Dengan demikian, tanpa adanya hal-hal tidak akan ada konsep, tanpa konsep tidak ada kata-kata yang diucapkan, dan tanpa kata-kata yang diucapkan tidak ada yang tertulis. Namun, ini tidak dapat dibalikkan dalam arti  penggunaan karakter tertulis dalam kasus apa pun menuntut pengetahuan tentang ekspresi vokal yang ditunjukkan oleh mereka, selalu ada konsep di balik kata yang diucapkan, dan  setiap konsep mengacu pada hal yang nyata sebagai objeknya (Boethius In Periherm. ed. sec.  1880).

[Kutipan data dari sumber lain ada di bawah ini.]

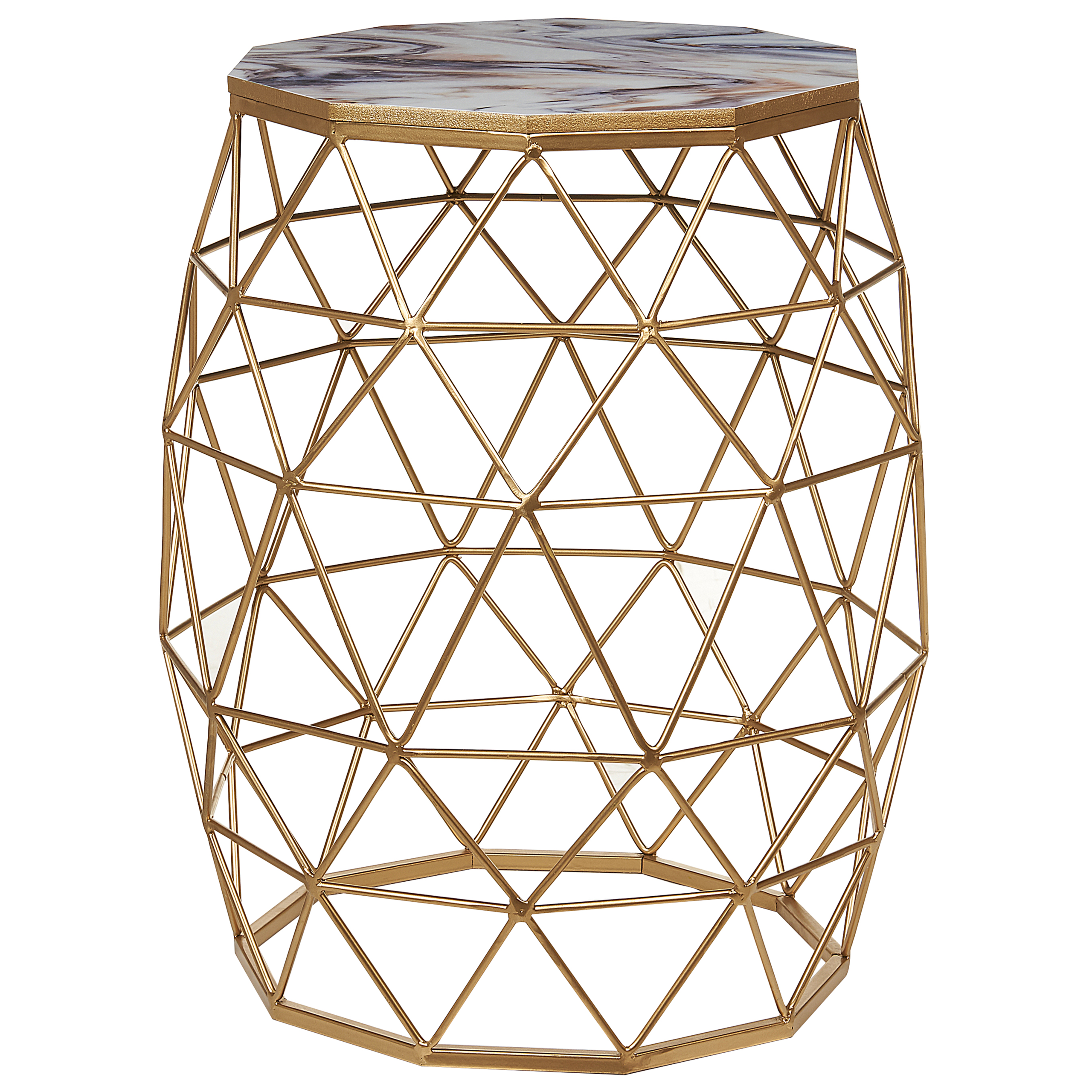 Moderni pyöreä sivupöytä. Tämä sivupöytä sopii loistavasti mihin tahansa tilaan, olohuoneesta eteiseen. Muotoilunsa ansiosta se on sekä käytännöllinen että tyylikäs, katseita keräävä koroste. MDF-levystä valmistetussa pöytälevyssä on kaunis marmorikuvioitu viimeistely, joka yhdessä kullanvärisen rautarungon kanssa antaa sivupöydälle ylellisen ilmeen. Muotoilunsa ja kuviointinsa ansiosta se sopii täydellisesti moderneihin ja glamour-tyylisiin sisustuksiin.
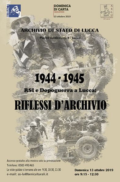 In occasione della Domenica di Carta 2019 e per celebrare i 75 anni dalla Liberazione della città, l’Archivio di Stato di Lucca propone la mostra documentaria 1944-1945. RSI e Dopoguerra a Lucca: riflessi d'archivio, un percorso documentario attraverso il suo patrimonio contemporaneo, alla ricerca delle testimonianze sui fatti e sui protagonisti che dall'inizio del movimento partigiano portarono alla Liberazione ed al difficile processo di epurazione dell'immediato Dopoguerra.

Dalam kasus apa pun, ordo orandi menentukan arah penandaan linguistik: karakter tertulis menandakan kata-kata yang diucapkan, sedangkan kata-kata yang diucapkan terutama menandakan konsep mental dan, melalui yang terakhir, secara sekunder menunjukkan hal-hal tersebut. Dengan demikian, scriptura dikesampingkan, tiga elemen yang tersisa secara struktural diatur di sepanjang garis 'segitiga semiotik' yang menonjol sesuai dengan tanda-tanda yang merujuk pada hal-hal melalui konsep (Boethius In Periherm. Ed. Sec. , 1880: 24, 33).
Dalam diskusi lebih lanjut tentang ordo orandi, Boethius membagi, dengan merujuk pada Porphyrius dan Aristotelian (peripatetici), tiga tingkat bicara: lebih tepatnya pada dasar wacana  tertulis dan lisan ada pidato mental (oratio mentis) di pemikiran mana yang dilakukan.  Sama seperti kata mental Agustinian, tidak terdiri dari kata-kata dari bahasa nasional apa pun, melainkan dari konsep mental transidiomatik atau bahkan non-linguistik yang, seperti yang diklaim Aristoteles, sama untuk semua orang.
"Semeiotikos" adalah penerjemah tanda. Apa yang ingin kita lakukan sebagai agen untuk klien kita. Karena bagi kami, setiap tanda harus dianggap sebagai komunikasi (tidak lain dari Umberto Eco mendukung kami di sana). Tetapi tidak setiap tanda dianggap sebagai komunikasi yang baik.
Komunikasi sebagai ilmu adalah disiplin ilmu terkini. Harold Lasswell, ahli teori komunikasi Amerika, adalah yang pertama meluncurkan model komunikasi pada tahun 1948. Singkatnya, modelnya mengajukan pertanyaan: "siapa bilang saluran mana kepada siapa dengan efek apa? Memang model yang sederhana. Tetapi ada beberapa kelemahannya.... Bagaimana dengan umpan balik? Atau kebisingan, gangguan dengan pesan?